2000 was a memorable year for GE: It was a year of record-breaking business performance; a year that saw the proposal to acquire and integrate the businesses of Honeywell; and a year that began the transition to a new leadership team.

Revenues rose 16% to $129.9 billion—a record.
Net income rose 19% to a record $12.7 billion, with 15 of GE's top 20 businesses posting double-digit earnings increases.
Earnings per share increased 19%.
Cash generated from our operations was a record $15.4 billion—up 31%, or $3.6 billion from 1999.
Ongoing operating margin—a key metric of business performance—rose to nearly 19%—this from a Company that struggled for 111 years to reach 10%.

The Company made over 100 acquisitions for the fourth consecutive year and moved quickly to acquire Honeywell, whose businesses are a perfect complementary fit with our Aircraft Engines, Industrial Systems and Plastics businesses. Honeywell share owners approved the merger in January, and GE and Honeywell are working with regulatory agencies to close the transaction as early as possible in 2001.

We expect the acquired Honeywell businesses to give us double-digit earnings-per-share accretion and, within two years, add one to two percentage points to GE's bottom-line growth rate.

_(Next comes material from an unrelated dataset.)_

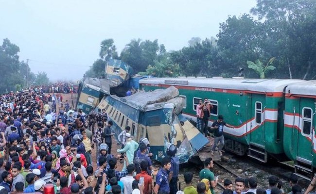 ढाका। बांग्लादेश की राजधानी ढाका के पास किशोरगंज में में बड़ा ट्रेन हादसा हुआ है, जिसमें 15 लोगों की मौत हो गई है और 100 से अधिक घायल बताए जा रहे हैं। जबकि बांग्लादेशी मीडिया के मु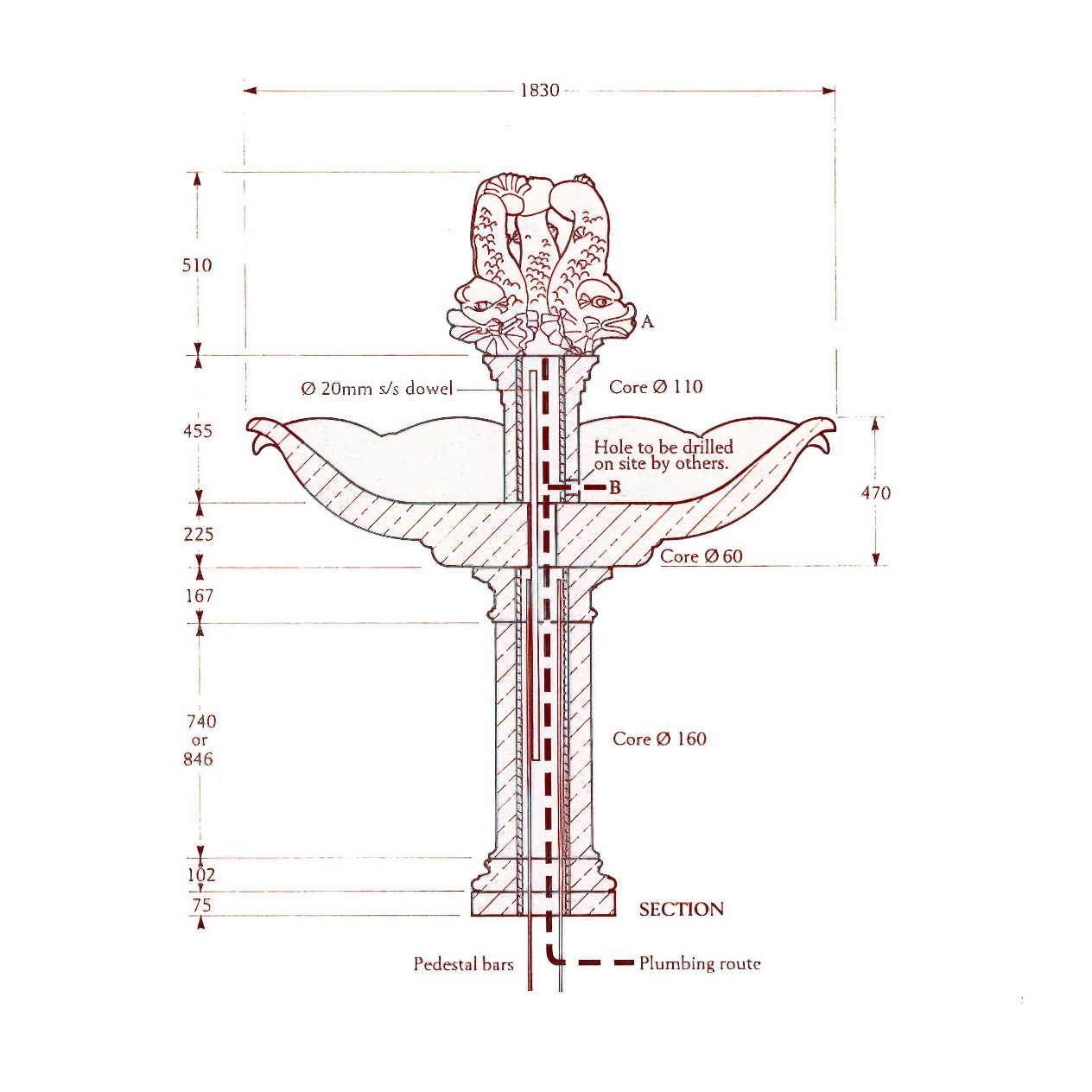 Großer Garten Brunnen Stein - Silwood Park / Terrakotta

In 2000, GE continued its share repurchase program, raised the dividend 17% and split the stock 3 for 1.
Our stock price was down 7% but outperformed the S&P 500, which was down 10%. This is not the kind of "outperformance" we've been proud to report in past years—particularly after posting the best operating results in the history of the Company. Still, share owners who have held our stock for five years, including 2000, have been rewarded with an average 34% total annual return on their investment. Those who have held it for a decade, 29%; two decades, a 23% total annual return.
Substantial progress was made in 2000 in further diversifying GE's leadership. 26% of the Company's top 3,900 executives are now women and minorities, and over $30 billion of our 2000 revenues were generated by business operations led by female and minority operating managers.
GE continued to be the world's most honored company—awarded for the fourth straight year Fortune's "Most Admired Company in America," as well as, for the third time, "The World's Most Respected Company," by the Financial Times.

We write this in a year of transition to a new team, and we would like to use this occasion to reflect on what GE is today: why it works, the values and beliefs it is built upon and how they will serve to take us to the even better days that we know lie ahead for our Company.

First, and most importantly, GE is a growth company, creating, in 2000 alone, the equivalent of an $18 billion, multi-business "company" with earnings of $2 billion. In 2000 the Company not only posted its highest revenues ever, but grew them at one of the highest rates in its history.

Second, through the rigorous pursuit of four big Company-wide initiatives—Globalization, Services, Six Sigma Quality and Digitization—we've changed not only where we work and what we sell, but how we work, think and touch our customers.

Globalization has transformed a heavily U.S.-based Company to one whose revenues are now 40% non-U.S. Even more importantly, it has changed us into a Company that searches the world, not just to sell or to source, but to find intellectual capital: the world's best talent and greatest ideas.

A Services focus has changed GE from a Company that in 1980 derived 85% of its revenues from the sale of products to one that today is based 70% on the sale of services. This extends our market potential and our ability to bring value to our customers.

Six Sigma has turned the Company's focus from inside to outside, changed the way we think and train our future leaders and moved us toward becoming a truly customer-focused organization.

As we said in our 1999 letter, Digitization is transforming everything we do, energizing every corner of the Company and making us faster, leaner and smarter even as we become bigger. In 2000, these words began to turn into numbers, as we sold over $7 billion of goods and services over the net and conducted over $6 billion in online auctions. Digitization efforts across the Company will generate over $1.5 billion in operating margin improvements in 2001.